В 1993-1994 годах проходила стажировку в Музее Соломона Р. Гуггенхайма в Нью-Йорке. С 1998 года по 2000 год заведовала отделом зарубежных связей и выставок в Государственном музее изобразительных искусств имени А. С. Пушкина. Затем была приглашенным выставочным куратором, в том числе в Музее Соломона Р. Гуггенхайма.

С 2002 года по 2013 год Трегулова Зельфира являлась генеральным директором по выставочной работе и международным связям музеев Московского Кремля. Последующие пару лет, с 14 августа 2013 года, была руководителем Государственного музейно-выставочного объединения «РОСИЗО».

Зельфира Исмаиловна 10 феврале 2015 года Трегулова возглавила один из трех ведущих музеев российской столицы - ФГБУК «Всероссийское музейное объединение - Государственная Третьяковская галерея». Это стало новым этапом в карьере музееведа.

Помимо основной деятельности, Трегулова Зельфира преподает на факультете «Арт-менеджмент и галерейный бизнес» бизнес-школы RMA в Москве. Свободно владеет английским языком, владеет французским, немецким и итальянским языками. Является членом Общественного совета при Министерстве культуры Российской Федерации.

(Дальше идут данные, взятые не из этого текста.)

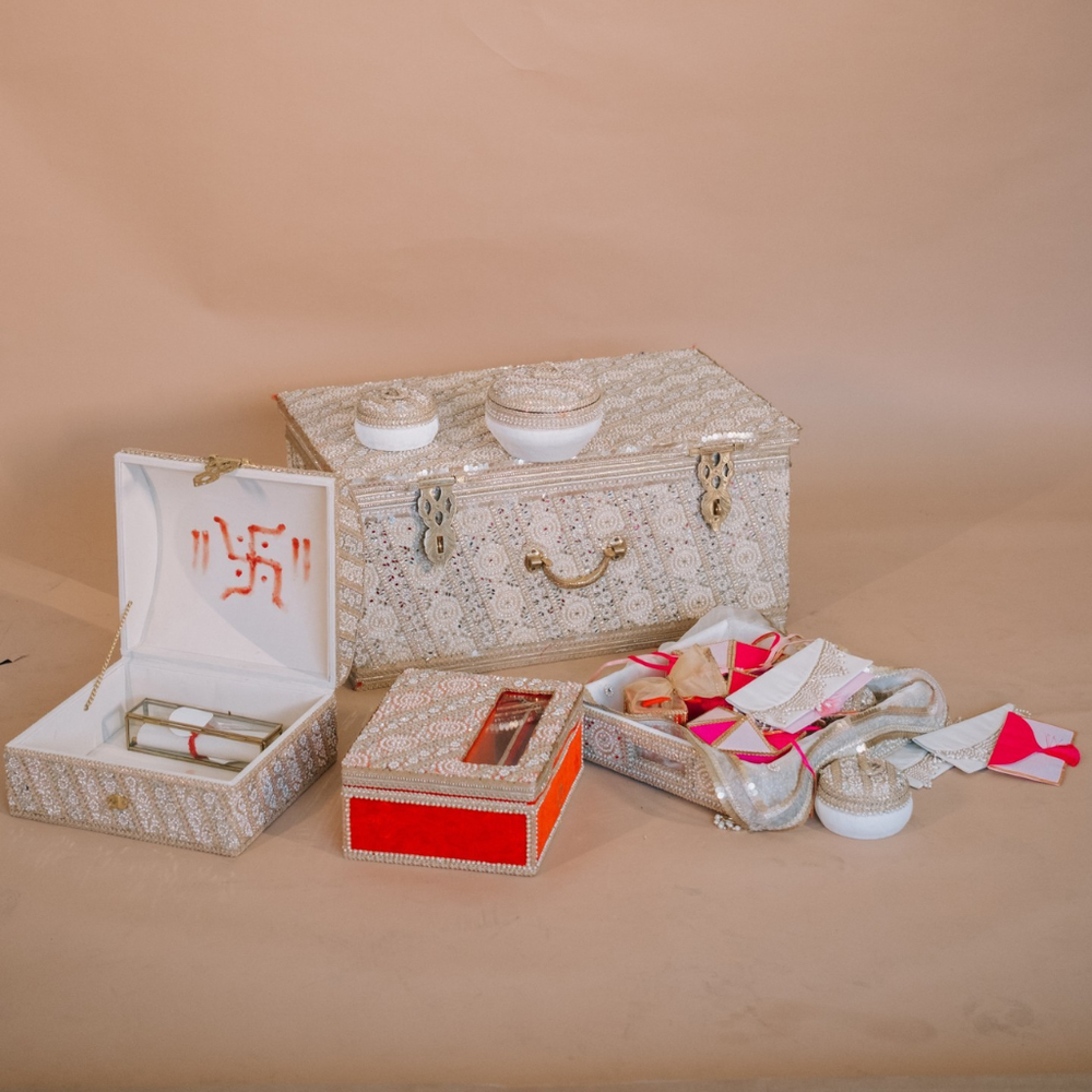 At Pataaree, we believe weddings are an intimate blend of memories, rituals, and personal stories. Our handcrafted trousseau pieces, ceremony essentials, and customised gifting solutions are created to honour these moments with elegance.
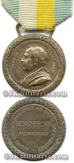 Pius XI, 1929 Benemerenti bronze medal. Reverse inscribed: Anno Quinquagesimo Ab Inito Sacerditio, Benemerenti MCMXXVIIII'. Quality striking, designer's mark beneath Pope's bust. Original ribbon worn but still presentable. 33mm diameter. Showing age and some wear, no damage. Hard to find type. Item # Vat-2 *SOLD* |
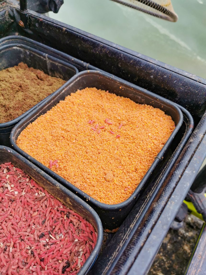 Lorsqu’il y a du courant, quelle que soit la profondeur d’eau, les particules fines et légères peuvent se déplacer rapidement et étaler les poissons sur plusieurs mètres. Les gros sujets, carassins, gros rotengles, gardons sont malins et savent reculer avec ces particules afin de se nourrir au calme au-delà de la frénésie du menu fretin. Pour les obliger à rester sur l’impact du feeder, l’amorce doit être collante, non dispersive et mouillée au maximum afin de gorger les particules d’eau et les alourdir. Les produits sucrés comme les biscuits, pain d’épice, tourteaux et farines de maïs permettent de lier les particules. Dans le commerce, les amorces nommées « fond », « gros gardon », « brème », « heavy », sont lourdes et collantes. A contrario, pour explorer les zones plus calmes, les dénominations « gardon », « explosive », « surface », « étang » sont plus volatiles et naviguent dans les couches d’eau. Sachez vous en servir !
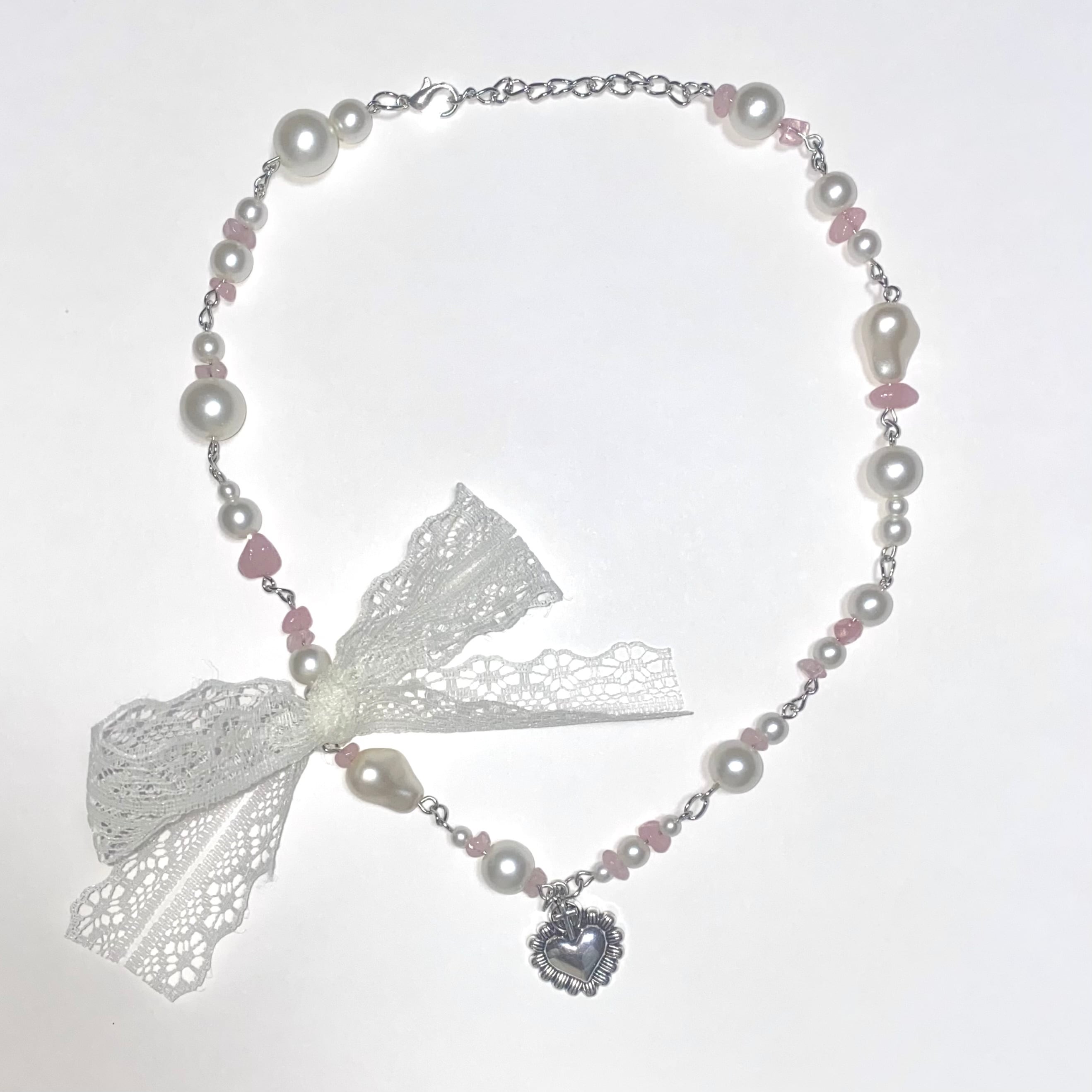 ピンクとベージュの色合いとレースのリボンが可愛らしいネックレスです。

Куратор крупных международных выставок в ведущих музеях России и мира, в том числе «Амазонки авангарда», «Художники «Бубнового валета», «Россия!», «Красноармейская студия», «Удиви меня!», «Социалистические реализмы», выставки «Казимир Малевич и русский авангард» и другие. Среди последних проектов, осуществленных под руководством Трегуловой - «Виктор Попков. 1932-1974» и «Палладио в России. От барокко до модернизма».

Зельфира Исмаиловна награждена Почетными грамотами Министерства культуры Российской Федерации, Орденом Звезды Италии степени кавалера за заслуги в проведении Года итальянской культуры и итальянского языка в России, крестом с короной ордена Заслуг pro Merito Melitensi. Лауреат премии «Честь и достоинство профессии» VII Всероссийского фестиваля «Интермузей».

Трегулова Зельфира имеет огромный опыт организации выставочной деятельности. Занималась этим и в Пушкинском музее и в музее Кремля и до этого, в Советские времена, в других учреждениях. Кандидат искусствоведения, авторитетный специалист международного масштаба. Людей такого уровня в стране единицы. Человек с подобным опытом действительно может многое «предложить Третьяковской галерее».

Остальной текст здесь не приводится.